I am stuck at solving the following problem (at what I believe is the last step):
Determine which distributions on the non-negative reals, if any, with mean $\mu$ are such that $2\mu$ is a median.
My thoughts so far:
Let's call the distribution in question $X$. Given that $X$ takes values in the non-negative reals, we can apply the Markov inequality $\left(P(X\geq t)\leq\frac{E[X]}{t}, \mbox{ for } t\geq 0\right)$. Taking $t = \mu$ in this inequality we get that $$ P(X\geq 2\mu)\leq \frac{\mu}{2\mu} = \frac{1}{2} $$
However, given that $2\mu$ is the median, we have that $P(X\geq 2\mu)\geq \frac{1}{2}$. Hence we get that $P(X\geq 2\mu) = \frac{1}{2}$. Therefore we have equality in the Markov inequality. Hence $X\in\left\{ 0,2\mu\right\}$.

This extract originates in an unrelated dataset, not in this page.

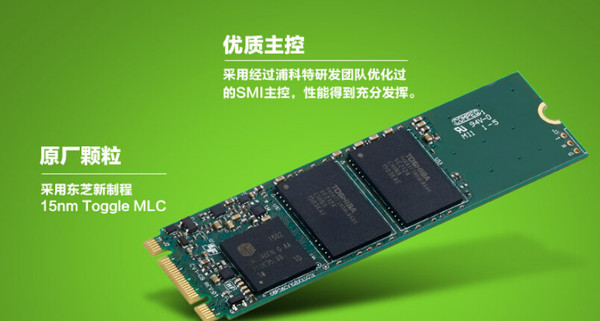 浦科特M6GV是一款走SATA通道的M.2 SSD,有128GB及256GB两种容量,其采用经过浦科特研发团队优化过的SMI主控,闪存来自东芝新制程15nm Toggle MLC闪存。虽然性能上与SATA SSD比起来没有太大优势,但贵在无外壳设计,纤薄,且价格跟SATA SSD差不多,是带M.2接口的超薄类笔记本升级不错选择。

- How do I determine where $X$ takes the value $0$ and where $X$ takes the value $2\mu$ (if there is any such way)?
- From 1, how do I get the pdf of $X$?
Let $p:=P(X=2\mu)$ so that $1-p=P(X=0)$.
Then $\mu=(1-p)\cdot0+p\cdot2\mu=2\mu p$ implying that $p=\frac12$.
Btw, from $X\in\{0,2\mu\}$ a.s. it follows immediately that $X$ is discrete, hence has a PMF and not a PDF.